Segment Start: THE RECORDS

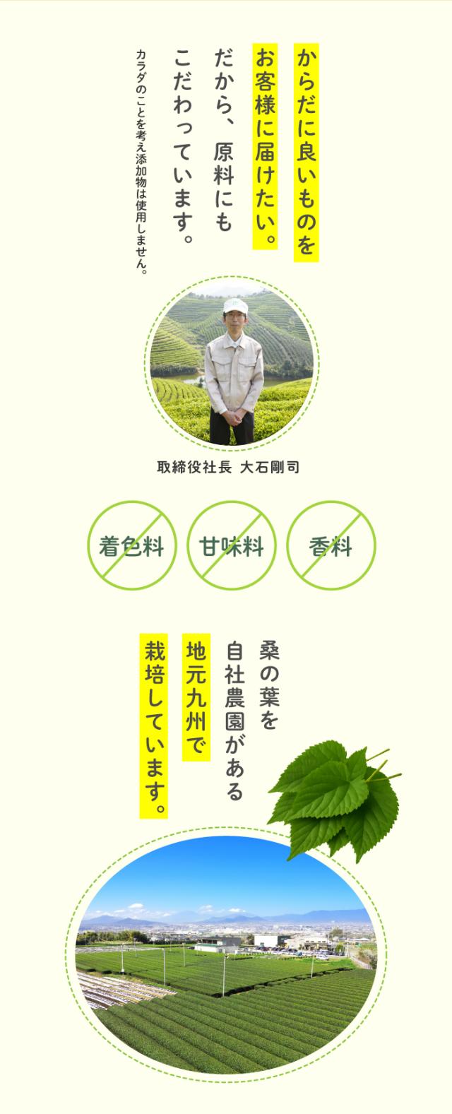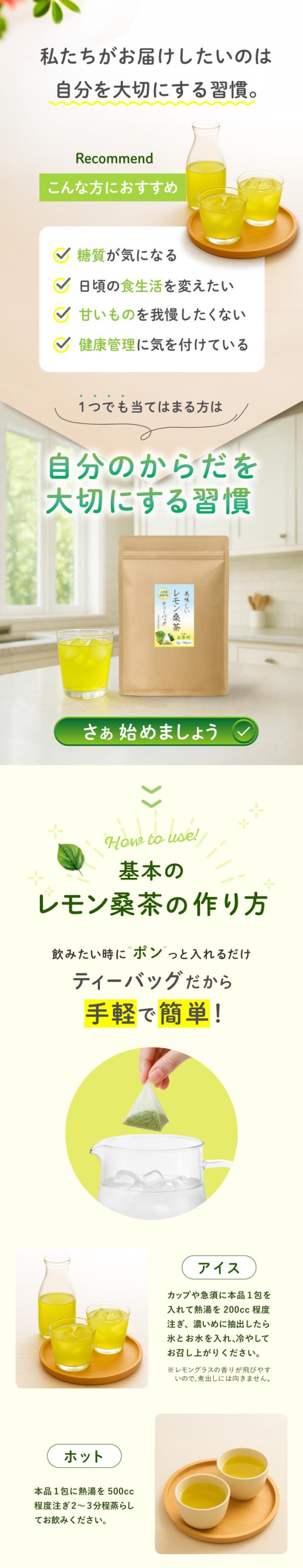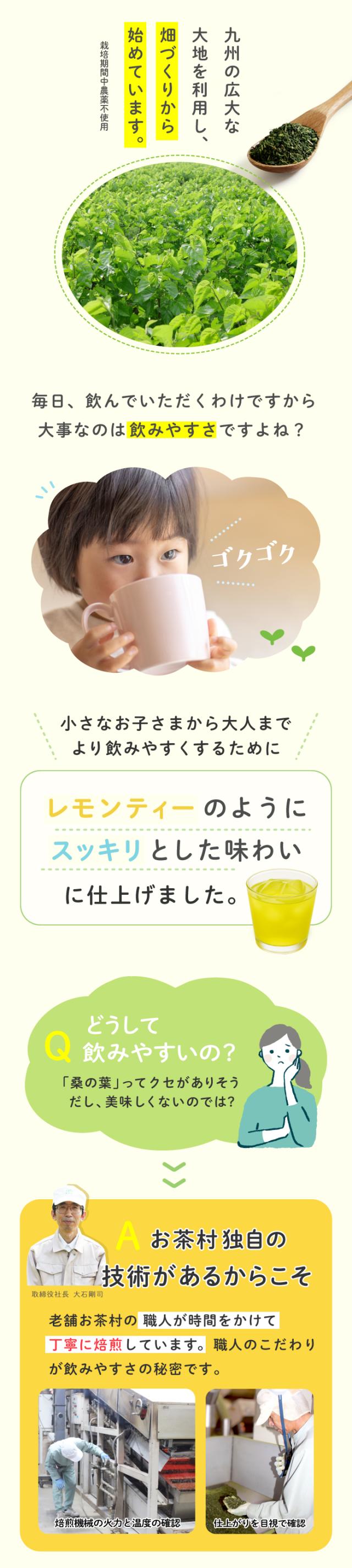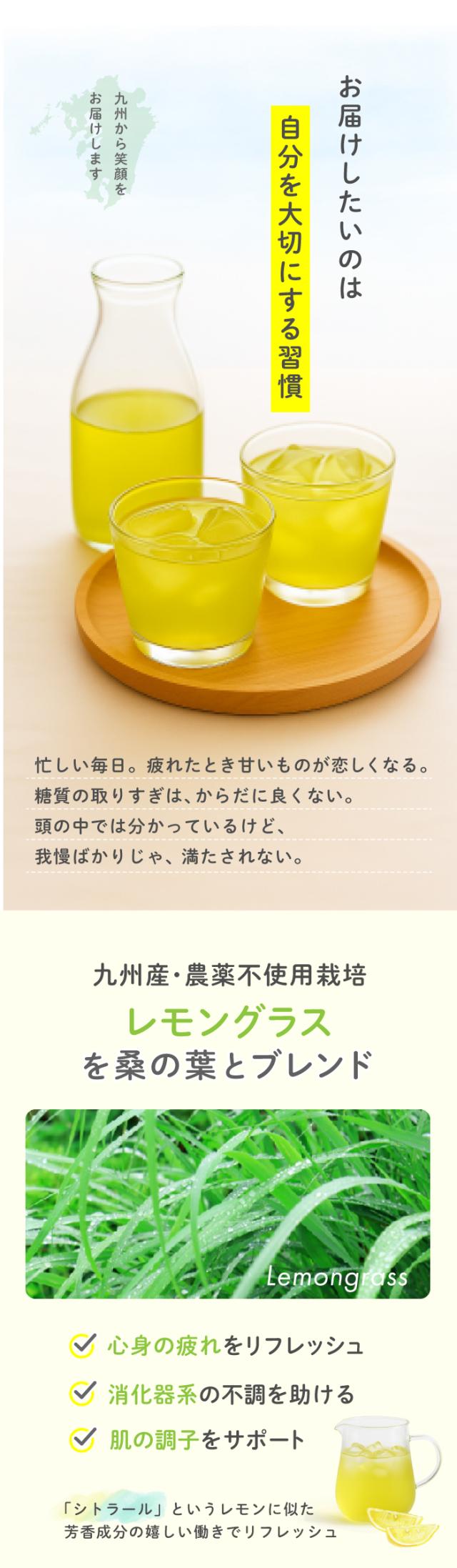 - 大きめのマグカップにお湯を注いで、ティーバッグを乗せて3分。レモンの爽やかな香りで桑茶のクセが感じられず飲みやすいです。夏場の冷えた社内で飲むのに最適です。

Segment End: THE RECORDS
Segment Start: THE RECORDS

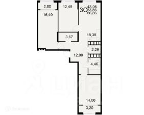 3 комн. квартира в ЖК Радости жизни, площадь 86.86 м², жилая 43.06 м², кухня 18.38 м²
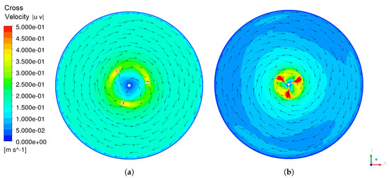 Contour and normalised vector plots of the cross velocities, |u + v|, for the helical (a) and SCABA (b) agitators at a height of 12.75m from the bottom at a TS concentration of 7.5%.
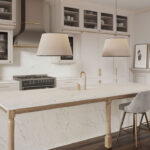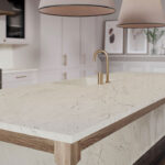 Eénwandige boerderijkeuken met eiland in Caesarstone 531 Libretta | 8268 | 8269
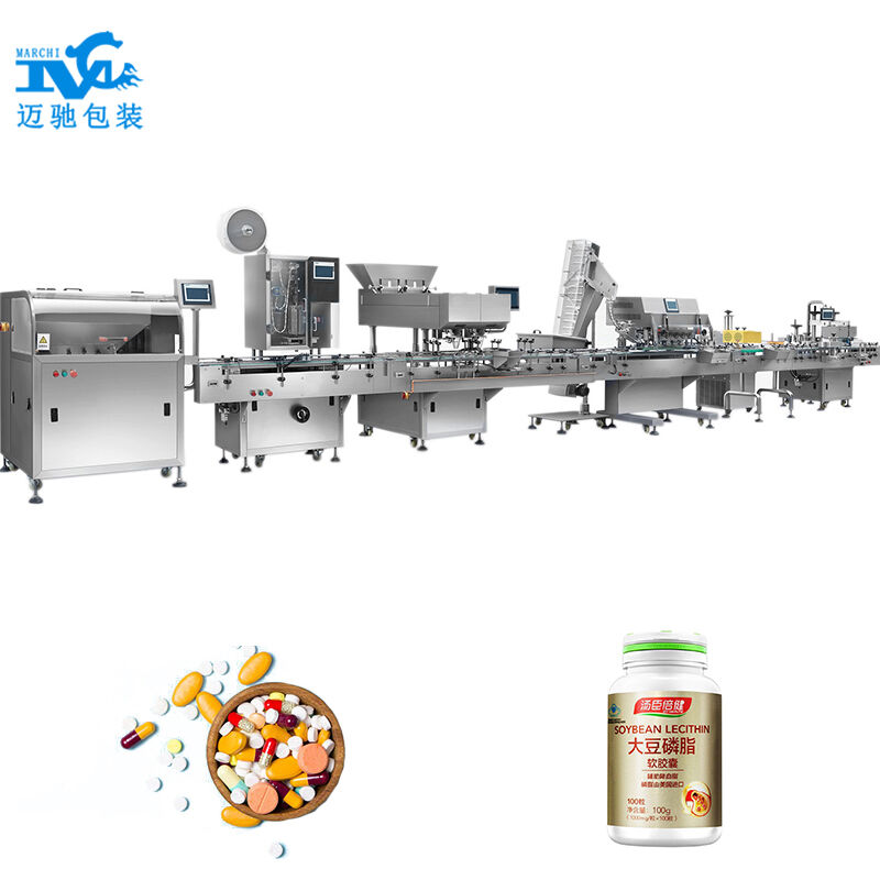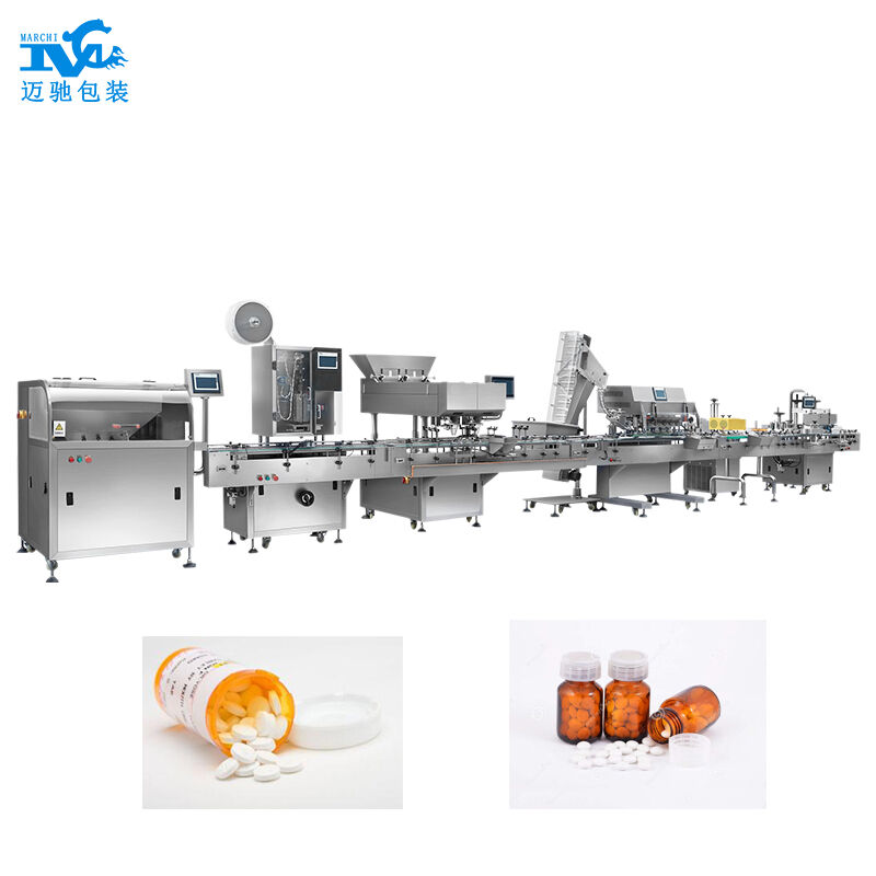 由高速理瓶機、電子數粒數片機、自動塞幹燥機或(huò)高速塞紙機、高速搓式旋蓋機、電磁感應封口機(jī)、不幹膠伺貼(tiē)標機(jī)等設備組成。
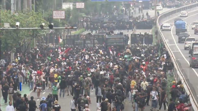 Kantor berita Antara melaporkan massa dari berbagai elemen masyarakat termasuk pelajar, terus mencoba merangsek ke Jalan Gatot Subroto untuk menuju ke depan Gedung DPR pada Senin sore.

Segment End: THE RECORDS

#### EXERCISE GOAL:
Output only the lines above from the line that holds "Contour and normalised" through the line that holds "Kantor berita Antara melaporkan massa", both ends included, and exclude pictures.

#### RESPONSE TO THE TASK:
 Contour and normalised vector plots of the cross velocities, |u + v|, for the helical (a) and SCABA (b) agitators at a height of 12.75m from the bottom at a TS concentration of 7.5%.
 Eénwandige boerderijkeuken met eiland in Caesarstone 531 Libretta | 8268 | 8269
 由高速理瓶機、電子數粒數片機、自動塞幹燥機或(huò)高速塞紙機、高速搓式旋蓋機、電磁感應封口機(jī)、不幹膠伺貼(tiē)標機(jī)等設備組成。
 Kantor berita Antara melaporkan massa dari berbagai elemen masyarakat termasuk pelajar, terus mencoba merangsek ke Jalan Gatot Subroto untuk menuju ke depan Gedung DPR pada Senin sore.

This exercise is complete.